Stored data ::

Content starts

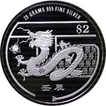 Назва: 2 долари (Рік Дракона; срібна монета)
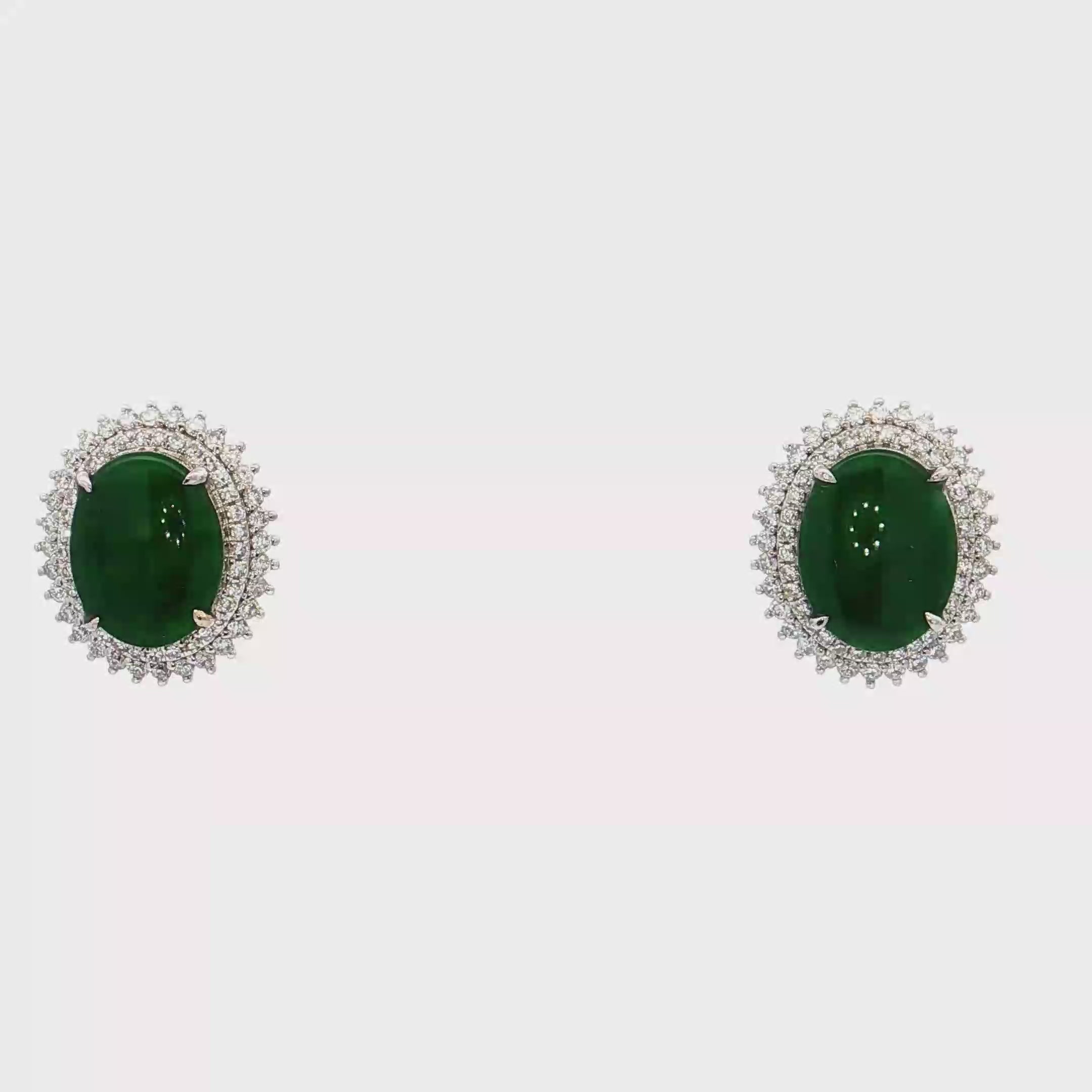 這款耳釘以精湛的工藝將溫潤的橢圓形翡翠鑲嵌於精緻的白色金屬底座上,凸顯了翡翠飽滿的色澤與光澤。翡翠的弧面切割展現出其獨特的質感,搭配簡約的設計,更顯優雅大方。適合日常佩戴,為您的造型增添一抹東方韻味。
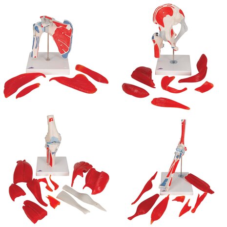Anatomie model gewrichten met spieren (schouder, heup, knie, elleboog)
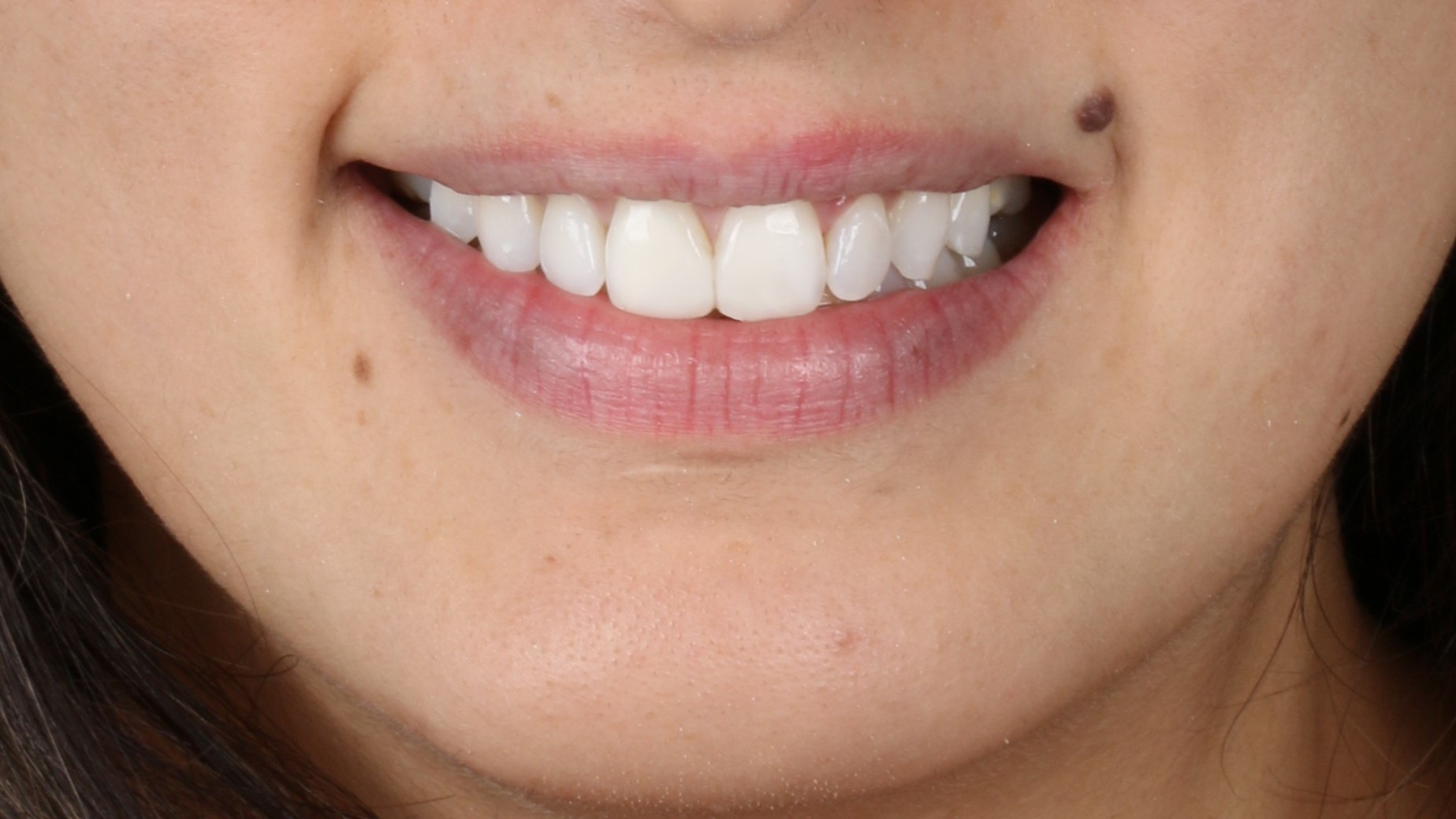 Final clinical case after 1 week (intra-oral photo and smile).

Content ends

Exercise instructions :: Your reply should hold every line above exactly as written and none of the pictures.

Expected output ::
 Назва: 2 долари (Рік Дракона; срібна монета)
 這款耳釘以精湛的工藝將溫潤的橢圓形翡翠鑲嵌於精緻的白色金屬底座上,凸顯了翡翠飽滿的色澤與光澤。翡翠的弧面切割展現出其獨特的質感,搭配簡約的設計,更顯優雅大方。適合日常佩戴,為您的造型增添一抹東方韻味。
Anatomie model gewrichten met spieren (schouder, heup, knie, elleboog)
 Final clinical case after 1 week (intra-oral photo and smile).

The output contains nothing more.